Ajusté mi cetro cerca mi cuerpo y comencé a caminar mucho más alerta. La cueva cada vez se
volvía más oscura y tenebrosa, solamente se observaban unos pequeños destellos aguamarinas
provenientes de las formaciones de Azulinita en el suelo y en las paredes.
—Ezach, sin mí no vas a poder continuar con tu camino hacia la trascendencia— La voz sonaba
más fuerte y provenía de todos lados.
— ¡Cállate Dywelk! — Le grité a la nada— Debí de haberte matado cuando tuve la oportunidad en
la cima de la torre de los hechiceros del caos.
— Debiste, pero nunca lo hiciste y ahora estás aquí, a punto de llegar a tu final—La voz sonaba
trémula y acabada.
— ¡No es mi final! — Alcé mi báculo con mi mano izquierda y una oleada de proyectiles de cristal
se formaron en el aire, saliendo disparados a cada rincón del lugar.
—Déjate consumir por la ira Eizal, esa ira y ese deseo que te hizo llegar a mí, que te hizo querer
aprender aún más de lo que te era permitido, de llegar a rozar lo imposible.
Es cierto, la rabia me consumía y supe en ese momento que iba a perder el control de nuevo.
Dywelk tenía razón en todo lo que había dicho, fue esa curiosidad insaciable lo que me permitió
aprender tantos hechizos, pero a costa de casi perder mi humanidad y estar cegado ante el mundo
y las personas. No iba a volver a caer en la misma trampa de Dywelk, no podía permitir que él me
usara de nuevo, no podía darle más poder… Pero lo hice.

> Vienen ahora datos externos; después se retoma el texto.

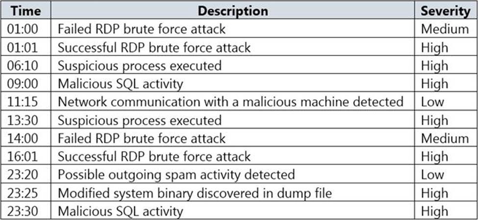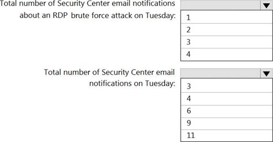On Tuesday, Security Center generates the security alerts shown in the following table.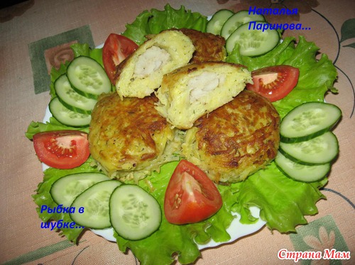 затем взять картошку, кусочек рыбы и сформировать в форме котлетки (рыбка внутри), слегка прижимая картофель..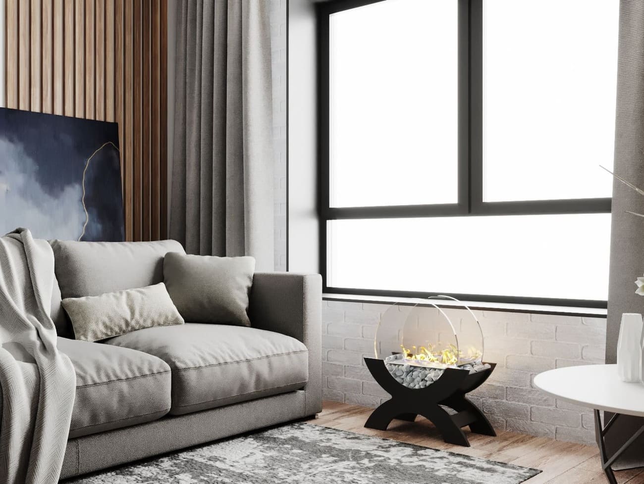Переносной камин устанавливается на полу и не требует дымохода. Линия огня данного камина 300 мм, располагается практически по всей длине камеры сгорания. Основание биокамина — 100% сталь, ножки изготовлены из МДФ, топливный блок выполнен из высококачественной нержавеющей стали, наполнитель — керамическое волокно, а также закаленные жаропрочные стекла толщиной 6 мм, камни — галтованный мрамор.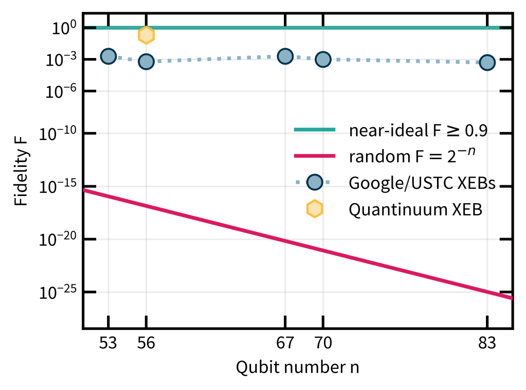 Remember from Part 1 that the experiments measured a quantity called the cross-entropy benchmark (XEB)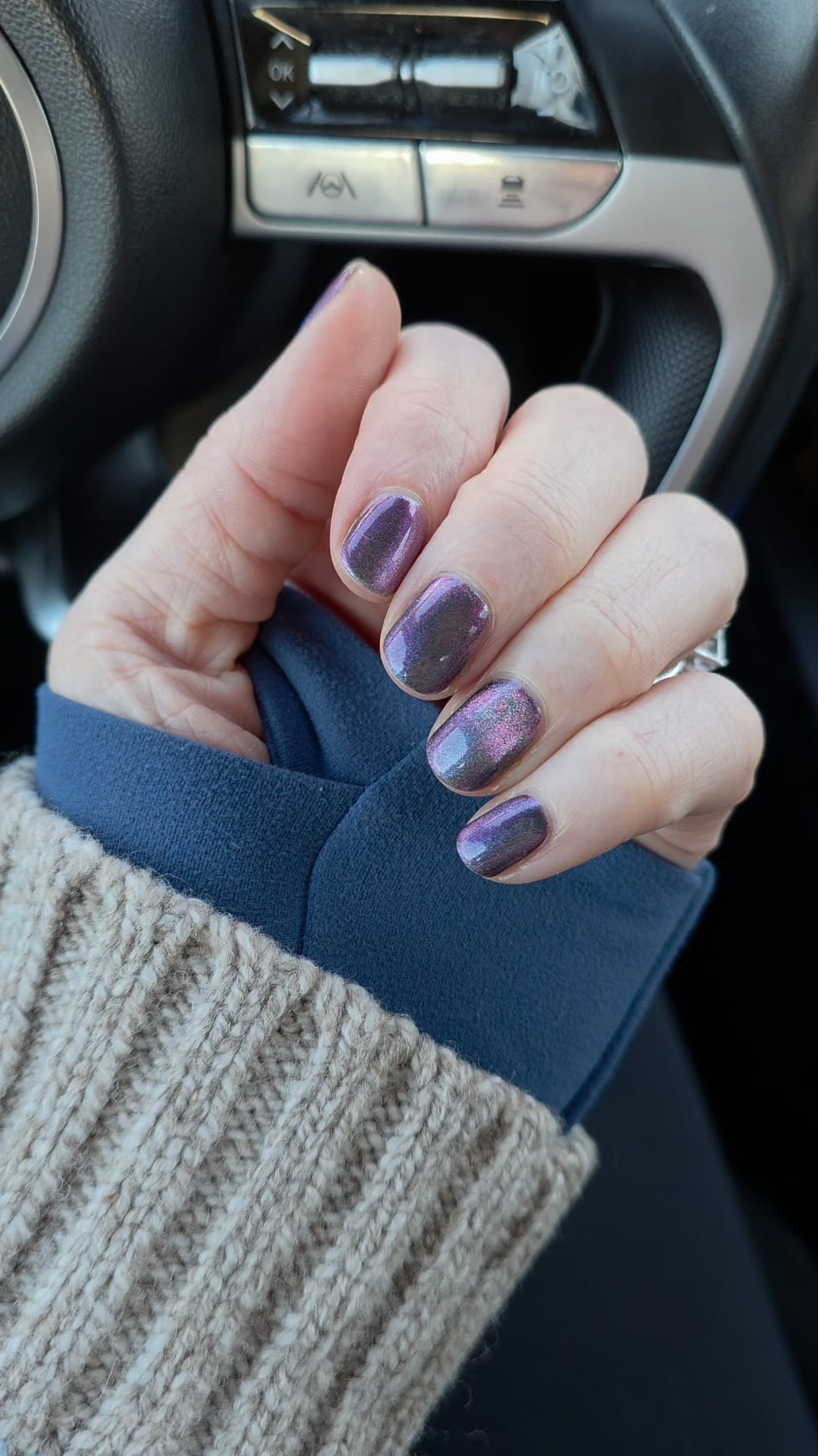 Finally had some time this weekend and threw on this absolute stunner of a shade. This is two coats of Kathleen & co “Wanderlust”. KB Shimmer Fillin Groovy Base and KB Shimmer QD Topcoat Clearly On Top. Magnetized using a lab fish magnetic stirrer for a few seconds for each coat of polish and 1 full minute for topcoat. I also work one hand at a time and completely finish my left hand before starting my right including topcoat.

Una ráfaga de fuego negro comenzó a aparecer del suelo llegando a consumirme por completo.
Sentía el fuego, la fuerza y el deseo. Sonreí por unos momentos al recordar aquel sentimiento
pero, cuando ya iba a ser devorado por esa llamarada, todo se apagó. Abrí mis ojos y vi que ya no
había nada sobre mí, entorné mis ojos y vi que al frente mío había una figura hecha de ese fuego
negro, un poco más alta que yo pero sin alguna forma definida.
—Gracias Eizal, has avivado la llama y con este fuego resurgirá mi reino, resurgirán mis deseos y te
tendré de nuevo conmigo.
La llamarada comenzó a adquirir forma y, al ver qué se estaba formando, comencé a retroceder. Al
frente mío estaba el hechicero que me hizo destruir mi pueblo, que me enseñó todo lo que sé
ahora y al que había jurado asesinar.
— ¡Dywelk! —fue un grito más de pánico que cualquier otra cosa. Verlo allí delante me había
llenado de miedo, mis piernas temblaban y casi dejo caer mi báculo al suelo, si eso hubiese
pasado, ese hubiera sido efectivamente mi fin.
Puse mi báculo en mi cinto y del otro saqué mi espada, ésta tenía un color plateado brillante,
blandí delante de mí y le susurré unas palabras del lenguaje arcano “Suisal akla ken-tza”, que
traduce a “Espada de filo de hielo”. De mis mangas comenzó a salir un hilo de agua que recorrió
como una serpiente la hoja de la espada que, a llegar a la punta siseó con fuerza al hechicero y
esta se cristalizó por sobre la hoja, dejando una película delgada de hielo.
Salí corriendo con ambas manos sobre la espada, abalanzándome sobre Dywelk. No estaba
pensando con claridad, sólo quería que esa figura desapareciera de mi vista.
—Ja, ¿crees que con mis propios hechizos podrás detenerme? —Dywelk sacó de su espalda en
llamas un mandoble recubierto en ese fuego negro y lo puso verticalmente sobre su rostro, a la
espera de mi golpe.
Sin importar que Dywelk estuviera preparado, corrí más rápido y, cuando estaba a sólo unos
centímetros de él pronuncié “Bako mina-tza: Pies alados” y salté sobre el hechicero, que había
atacado con un corte lateral que golpeó en mi talón derecho. No supe por qué no sentí el dolor de
la herida y, cuando aterricé detrás del hechicero en llamas me giré y le asesté un golpe circular
horizontal por todo su cuerpo.
Mi espada pasó limpiamente por sobre el hechicero, dejando vahos de vapor por donde pasaba y,
cuando lo había cortado, el fuego comenzó a extinguirse.
—Eizal, de verdad no tienes oportunidad contra mí, puede que de ti sólo haya obtenido un ascua
de vida, pero este fuego crecerá lo suficiente hasta hacer arder todos los siete reinos que conviven
supuestamente en paz y te hará arder a ti también, conmigo.
El fuego se consumió por completo y sólo quedó en la cueva el destello de los cristales de
Azulinita. Miré mi pie derecho y estaba con una línea de una quemadura, era bastante pequeña a
juzgar por el tamaño de la espada. Me senté en el suelo de la cueva y me dejé vencer por el
cansancio, ni el frío ni la llegada de una presencia extraña la cueva, me pudieron despertar.